We’re going to use an LSTM flavored RNN, but we don’t have to deal with those technical details here. Using FastAI, we get a lot of stuff for free.

Hyper Parameters

wd = 1e-7 # Weight Decay
bptt = 70 # Back-Propagation-Through-Time
bs = 52 # Batch Size
opt_fn = partial(optim.Adam, betas=(0.8, 0.99)) # Optimization Function (separate from loss. This is our strategy for navigating gradient descent.)

DataLoaders

Using FastAIs APIs, we create a DataModel, which handles the setup of a basic neural network appropriate for our task using information it infers from the data we hand it. In our case, we’ll ask for a LanguageLearner, and give it a list of integers, corresponding to the i part of our stoi mappings.

We do this for both the Train model and the Validation model:

trn_lm = np.array([[stoi[o] for o in p] for p in trainTokens])
val_lm = np.array([[stoi[o] for o in p] for p in validTokens])

trn_dl = LanguageModelLoader(np.concatenate(trn_lm), bs, bptt) #  Dataloader for 
val_dl = LanguageModelLoader(np.concatenate(val_lm), bs, bptt)
md = LanguageModelData(PATH, 1, vs, trn_dl, val_dl, bs=bs, bptt=bptt)

Dropout

drops = np.array([0.25, 0.1, 0.2, 0.02, 0.15])*0.7

FastAI Learner Object

One of things the FastAI Library provides on top of PyTorch is what’s called a Learner object. If you provide your data in the expected format, you gain a bunch of nice properties, such as being able to do some crazy things with the learning rates really easily, like using lr_find, or cosine annealing, or momentum, or any number of fancy good things. It is strongly recommended to at least start with a learner object before graduating into something more low level or specific.

learner = md.get_model(opt_fn, em_sz, nh, nl, 
    dropouti=drops[0], dropout=drops[1], wdrop=drops[2], dropoute=drops[3], dropouth=drops[4])

learner.metrics = [accuracy] 
learner.freeze_to(-1)

Next we load the weights from earlier directly into our learner. This sets up the architecture for us.
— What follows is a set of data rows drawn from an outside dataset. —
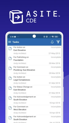 Asite CDE Mobile brings all your CDE documents to your mobile device so you can access them on-site. You get online and offline access both on phones and tablets.
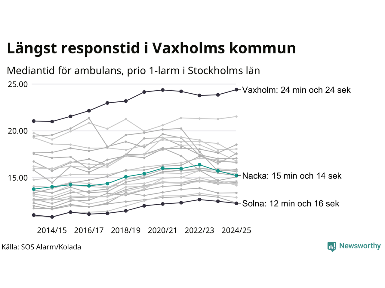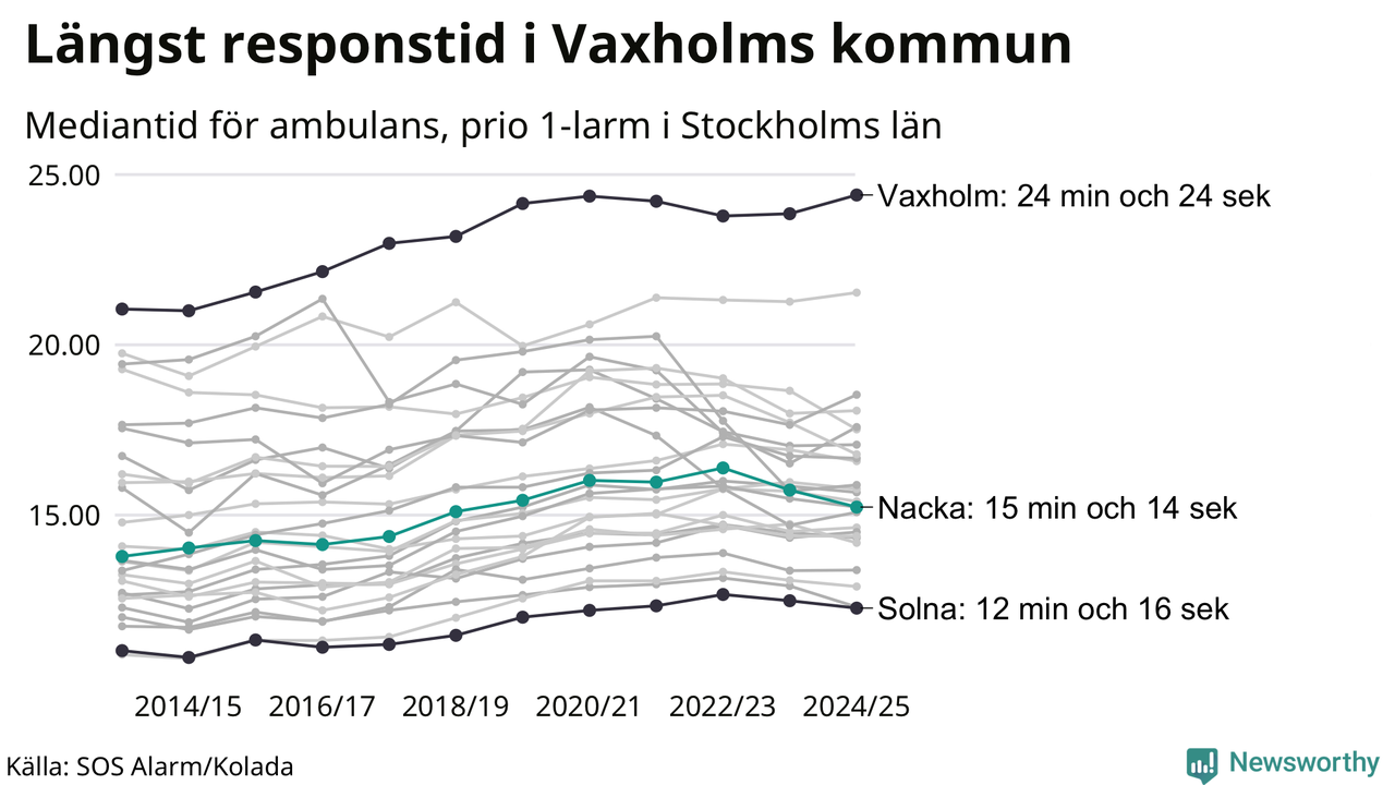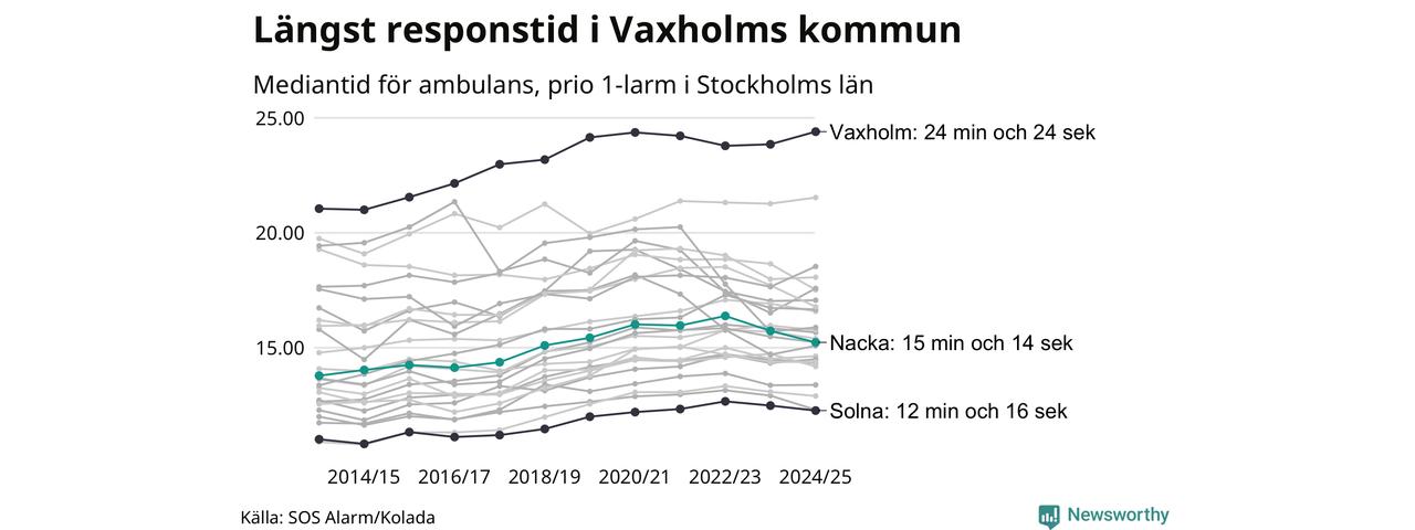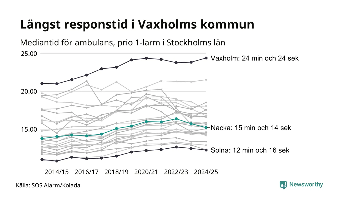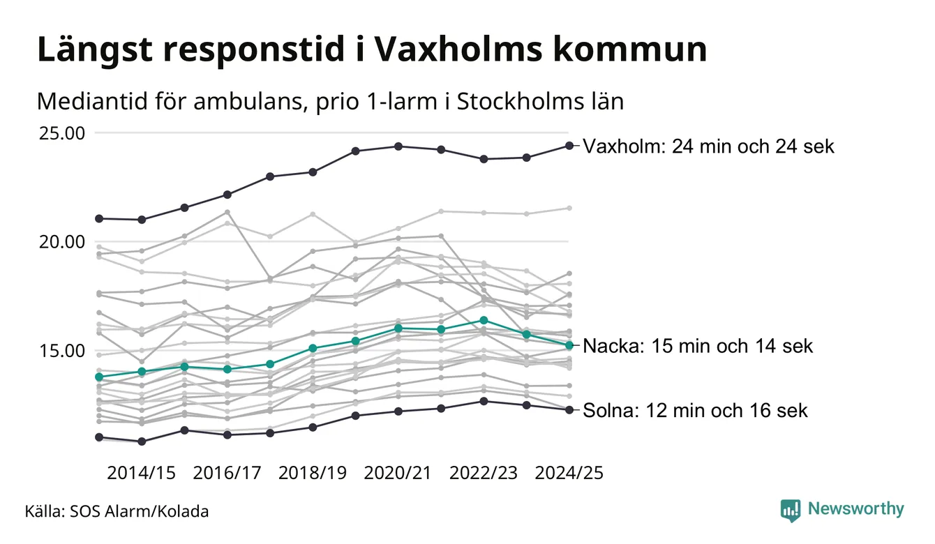 Nacka tillhör inte de kommuner i Region Stockholm som får vänta längst på ambulans – men inte heller de som får snabbast hjälp. Längst är väntetiden i Vaxholms kommun: 24 minuter och 24 sekunder. Snabbast var ambulansen framme i Solna, där det tog 12 minuter och 16 sekunder från larmsamtalet 2024/2025.
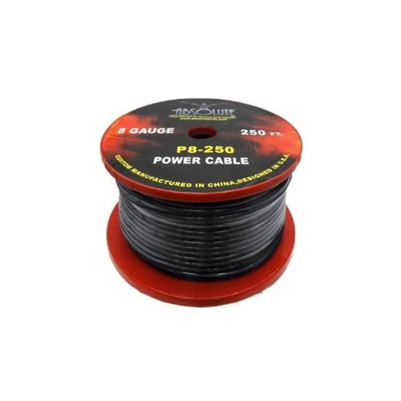 Absolute P8250BK 8 Gauge 250 feet Spool Power Wire Cable (Black)
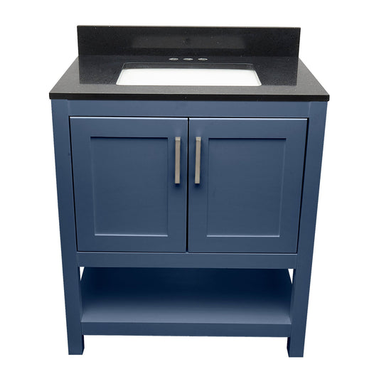Ella's Bubbles Taos 31" Navy Blue Bathroom Vanity With Galaxy Black Quartz Stone Top With Backsplash and Sink
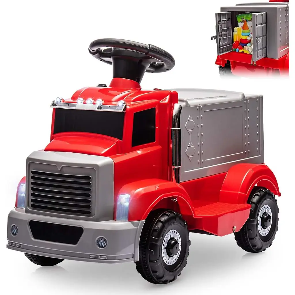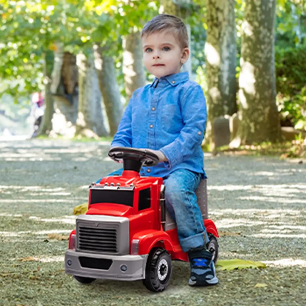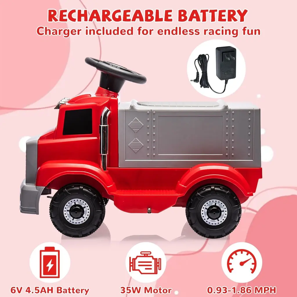 FUN DRIVING EXPERIENCE: This fun kids ride on truck features two bright headlights, five LED lights, and music along with a variety of sounds and music at the press of a button for a fun and safe riding experience BUILT IN HIDDEN STORAGE: This kids cars to drive features a spacious storage area beneath the seat that mimics a truck compartment. Perfect for stashing snacks, toys, books, and crayons, it gives kids their very own little secret hideout SAFE TO DRIVE: This kids ride on toy features an anti-tilt device and rounded corners for added safety. Plus, it is ASTM and CPSIA certified, giving you peace of mind while your little one rides! Dimensions: 26.18"L x 14.56"W x 18.11"H. Weight capacity: 55 lbs. EASY TO USE: Powered by 6V 4.5AH battery and 35W motor, this kids electric car can cruise at a steady speed of 1.86 mph on various terrains. With a simple one-touch start button, flexible steering wheel, and accelerator pedal, your little adventurer can easily take charge and embark on a thrilling journey PERFECT GIFT FOR TODDLERS: The intuitive forward, reverse, and stop buttons make it a breeze for your child to customize their ride, all while enhancing their hand-eye coordination.This 6v ride on toys for toddlers is the perfect gift for holidays, Christmas, Thanksgiving, New Year, and any special occasion

learner.model.load_state_dict(wgts)

Next we set our Learning Rate. We choose 1e-3 as a good starting point. Why? Because.

lr=1e-3 # Learning Rate
lrs = lr # Can be an array of learning rates for various 'layer groups'. You can read more on the docs.

Fitting

learner.fit(lrs/2, 1, wds=wd, use_clr=(32,2), cycle_len=1)

Once we’ve done a single epoch worth’s of training, we can try to use the lr_find method to find an even better rate:

learner.unfreeze() # so that we can train every single layer. This refines the WikiText weights.
learner.lr_find(start_lr=lrs/10, end_lr=lrs*10, linear=True)

Then we can plot.

learner.sched.plot()

learner.sched.plot_loss()

Pulling Data

Once we have an adequately trained model, we can pull data out of it like so:

def sample_model(m, s, l=50):
    s_toks = Tokenizer().proc_text(s)
    s_nums = [stoi[i] for i in s_toks]
    s_var = V(np.array(s_nums))[None]

    m[0].bs=1
    m.eval()
    m.reset()

    res, *_ = m(s_var)
    print('...', end='')

    for i in range(l):
        r = torch.multinomial(res[-1].exp(), 2)
        #r = torch.topk(res[-1].exp(), 2)[1]
        if r.data[0] == 0:
            r = r[1]
        else:
            r = r[0]
        
        word = itos[to_np(r)[0]]
        res, *_ = m(r[0].unsqueeze(0))
        print(word, end=' ')
    m[0].bs=bs

where m is the model we trained, s is a list of mapped tokens for it to run some predictions on, and l is the number of predictions we want back from it.

Usage looks like this:

sample_model(learner.models.model, "goldman sachs group", 500)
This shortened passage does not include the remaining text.